March 21, 2013 feature
Observations of early universe hint at a giant excess of anti-neutrinos
(Phys.org) —Scientists have a great deal of evidence to support the fact that the universe contains much more baryonic matter than baryonic anti-matter, a phenomenon known as baryon asymmetry. Baryons, which are defined as being made of three quarks, include protons and neutrons and make up the bulk of the atomic matter that we're familiar with in everyday life. But much less is known about the possibility of a lepton asymmetry, in which there are unequal amounts of leptons and anti-leptons in the universe. The best known examples of leptons are electrons and neutrinos. Neutrinos in particular are much harder to detect than baryons because they're much lighter, and so much less energetic.
In a new study, physicists Dominik J. Schwarz and Maik Stuke at Bielefeld University in Germany have published a paper in the New Journal of Physics in which they show that recent data from cosmic microwave background (CMB) experiments suggests that the universe contains an excess of anti-neutrinos (defined by their opposite chirality rather than opposite charge) compared with normal neutrinos. Further, this lepton asymmetry could potentially exceed the baryon asymmetry, which is 10-10, by several orders of magnitude. The total number of leptons could also exceed the total number of baryons in the universe.
"A 'leptonic universe' is a universe that contains many more leptons than baryons," Schwarz told Phys.org. "A universe with a vast amount of anti-neutrinos in it would be something unexpected. I can't say how it would change the overall picture, as we are just at the beginning to explore this idea."
Finding evidence for a lepton asymmetry is not easy. For one thing, leptons have such low energy that large numbers of them can easily hide in the neutrino background and escape scientists' attempts to detect them. But, as Schwarz and Stuke explain, leptons could be observable in the early universe because they would have affected nucleosynthesis (the production of nuclei that occurred just a few moments after the Big Bang) and the CMB (the radiation left over from the photon decoupling that occurred when the universe was about 400,000 years old).
In particular, leptons would have affected the production of helium in the early universe. In this study, the physicists measured the abundance of primordial helium in the universe using new CMB data from three sources: the Atacama Cosmology Telescope, the Southpole Telescope, and the WMAP Team. By comparing the results of this global analysis with previous results of helium abundance from local observations of extragalactic regions, the scientists could put some constraints on lepton asymmetry.

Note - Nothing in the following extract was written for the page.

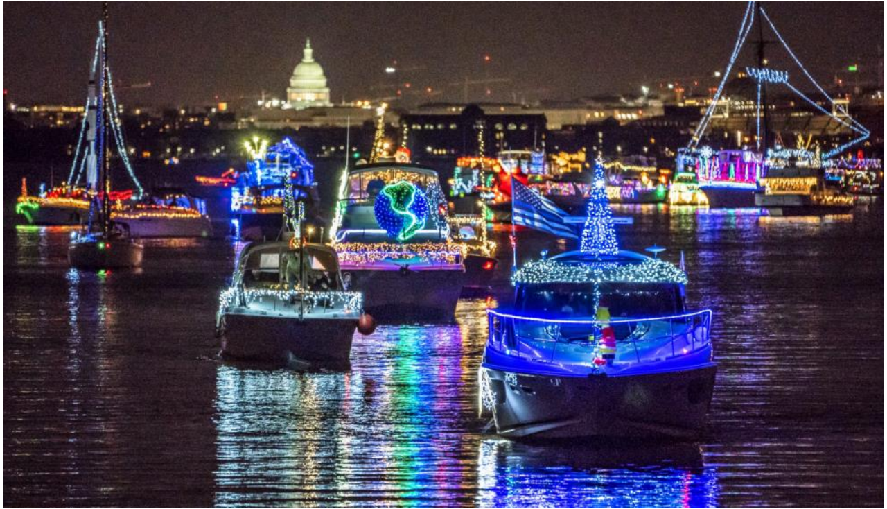
The start of the 2019 Parade of Lights.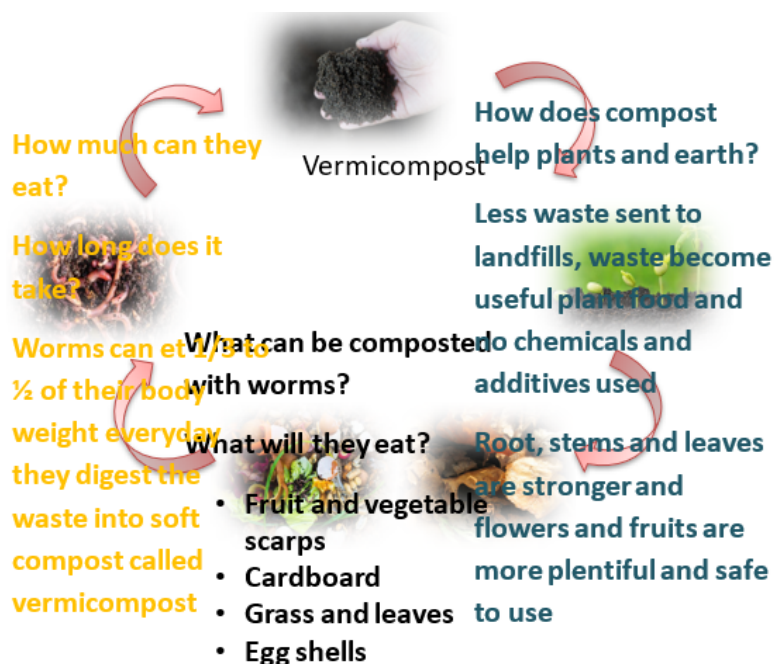
Figure 2: Advantages of composting with worms.

The data indicated that we may live in a universe ruled by anti-neutrinos instead of normal ones, which could have implications for how we currently understand what happened in the early universe. In addition, the anti-neutrino surplus would theoretically lead to an increase in the expansion rate of the universe. However, the data so far does not rule out the standard scenario of Big Bang nucleosynthesis.
"With regard to Big Bang Nucleosynthesis, [confirmed lepton asymmetry] would certainly falsify the standard scenario, which assumes that there is no lepton asymmetry," Schwarz said. "However, the new model for nucleosynthesis would not be radically different; it would just incorporate this new ingredient."
In the future, the physicists hope that upcoming CMB data releases and improved measurements of primordial abundances will allow for further testing of lepton asymmetry.
"I think it would be surprising if the asymmetry in leptons turns out to be much larger than the asymmetry in baryons," Schwarz said. "Although in some sense, we should honestly admit that we don't know how the matter anti-matter asymmetry comes along. Thus we should not be surprised but rather open-minded."